On 10/06/10 10:53, Christopher Schmidt wrote:
[snip]
> You can fix your example by removing the references to Lhs and Rhs
> before passing down to Fusion:
>
> namespace fold_join{struct join_ftor
> {
> template<typename Sig>
> struct result;
>
> template<typename Self, typename Lhs, typename Rhs>
> struct result<Self(Lhs,Rhs)>
> {
> typedef boost::fusion::joint_view<
> typename boost::remove_reference<
> Lhs
> >::type,
> typename boost::remove_reference<
> Rhs
> >::type
> > type;
> };
>
> template<typename Lhs, typename Rhs>
> typename result<join_ftor const(Lhs&,Rhs&)>::type
> operator()(Lhs& lhs, Rhs& rhs)const
> {
> return boost::fusion::joint_view<
> Lhs, Rhs
> >(lhs,rhs);
> }
> };}
>

Thanks.
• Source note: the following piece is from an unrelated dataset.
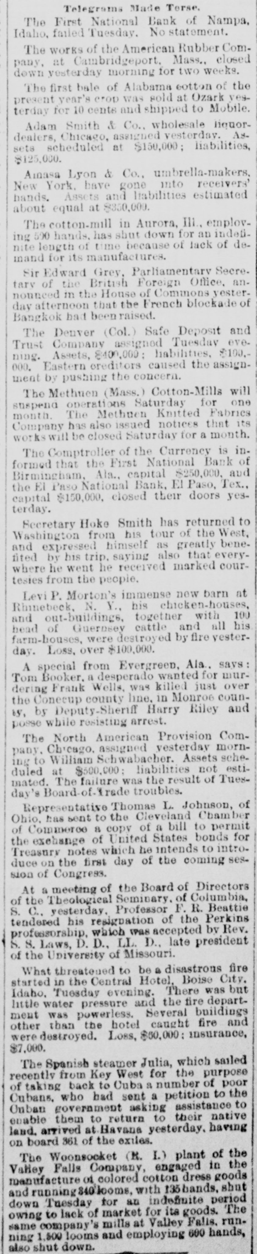 Telegrams Made Terse. The First National Bank of Nampa, Idaho, failed Tuesday. No statement. The works of the American Rubber Company, at Cambridgeport. Mass., closed down yesterday morning for two weeks. The first bale of Alabama cotton of the present year's CTOD was sold at Ozark yesterday for 10 cents and shipped to Mobile. Adam Smith & Co., wholesale liquordealers, Chicago, assigned vesterday. Assets scheduled at $150,000; liabilities, $125,000. Ainasa Lyon & Co., umbrella-makers, New York, have gone into receivers' hands. Assets and liabilities estimated about equal at $350,000. The cotton-mill in Aurora, III., employing 590 hands, has shut down for an indefinite length of time because of lack of demand for its manufactures. Sir Edward Grey, Parliamentary Secre. tary of the British Foreign Office. announced in the House of Commons yesterday afternoon that the French blockade of Bangkok bad been raised. The Denver (Col.) Safe Deposit and Trust Company assigned Tuesday evening. Assets, 8400.000: liabilities, $100.000. Eastern oreditors caused the assignment by pushing the concern. The Methuen (Mass.) Cotton-Mills will suspend operations Saturday for one month. The Methuen Knitted Fabrics Company has also issued notices that its workswill be closed Saturday for a month. The Comptroller of the Currency is informed that the First National Bank of Birmingham, Ala., capital $250,000. and the El Paso National Bank, El Paso, Tex., capital $150,000, closed their doors yesterday. Secretary Hoke Smith has returned to Washington from his tour of the West, and expressed himself as greatly benefited by his trip. saying also that everywhere he went he received marked courtesies from the people. Levi P. Morton's immense now barn at Rhmebeek, N. ¥., his chicken-houses, and out-buildings, together with 100 head of Guernsey cattle and all his farm-houses, were destroyed by fire yesterday. Loss, over $100,000. A special from Evergreen, Ala. says: Tom Booker. a desperado wanted for murdering Frank Wells, was killed just over the Conecup county line, in Monroe counby, by Deputy-Sherif Harry Riley and posse while resisting arrest. The North American Provision Company. Chicago, assigned yesterday morning to William Schwabacher. Assets scheduled at $500,000; liabilities not estimated. The failure was the result of Tuesday's Board-of-Xrade troubles. Representative Thomas L. Johnson, of Ohio, has sent to the Cleveland Chamber of Commerce a copy of a bill to permit the exchange of United States bonds for Treasury notes which he intends to introduce on the first day of the coming session of Congress. At a meeting of the Board of Directors of the Theological Seminary. of Columbia, S. C., yesterday. Professor F. R. Beattie tendered his resignation of the Perkins professorship, which was accepted by Rev. S. 8. Laws, D. D., LL. D., late president of the University of Missouri. What threateued to be a disastrous fire started in the Central Hotel, Boise City. Idaho. Tuesday evening. There was but little water pressure and the fire department was powerless. Several buildings other than the hotel caught fire and were destroyed. Loss, $50,000: insurance, $7,000. The Spanish steamer Julia, which sailed recently from Key West for the purpose of taking back to Cuba a number of poor Cubans, who had sent a petition to the Ouban government asking assistance to enable them to return to their native land. arrived at Havana yesterday. having on board 361 of the exiles. The Woonsocket (R. I.) plant of the Valley Falls Company, engaged in the manufacture of colored cotton dress goods and running84@looms, with 135 bands, shut for an lack of market for owing down Tuesday to indefruite its goods. period The same company's mills at Valley Falls. running 1,500 looms and employing 600 hands, also shut down.

I made the changes you suggest above; however, it still
fails to compile without variadic fusion. The changed source
is attached.

> A few remarks:
>
> You cannot use the function(!) fusion::join as it only accepts
> const-qualified sequences. See
>
> https://svn.boost.org/trac/boost/ticket/3954
>
> for more information. The port has this 'fixed'. In your code you should
> use fusion::joint_view directly.

Thanks.

>
> It is definitely not a good idea to specialize boost::result_of with the
> signature of your functor. You should stick to the official protocol,
> that is defining a nested type 'result_type' or a nested template type
> 'result'.

The fusion html reference mentioned the in source comments
after @brief the result_of specialization explain why I thought
I had to specialize boost::result_of. IOW, the Table 1.37 here:

http://www.boost.org/doc/libs/1_44_0/libs/fusion/doc/html/fusion/algorithm/iteration/functions/fold.html

lead me to this conclusion. If that's wrong, then maybe the fold.html
should provide further clarification.

> You should consider that the functor may be const- and/or even
> reference-qualified (in c++11) when passed to the result metafunction.
> See FCD 20.7.6.6 for more information.
>
> template<typename LhSequence, typename RhSequence>
> typename boost::result_of<join_ftor(LhSequence,RhSequence)>::type
> operator()(LhSequence& lhs, RhSequence& rhs)const
>
> is not a good idea as well, as LhSequence and RhSequence in
> join_ftor(LhSequence,RhSequence) loose cv-qualification.
>
> -Christopher

Thanks very much for the explanation Christopher.

-Larry

• text/x-c++src attachment: fold_join.cpp

• Next message: Timothy Madden: "Re: [Boost-users] [filesystem] V3 path::replace_extension() spans path components"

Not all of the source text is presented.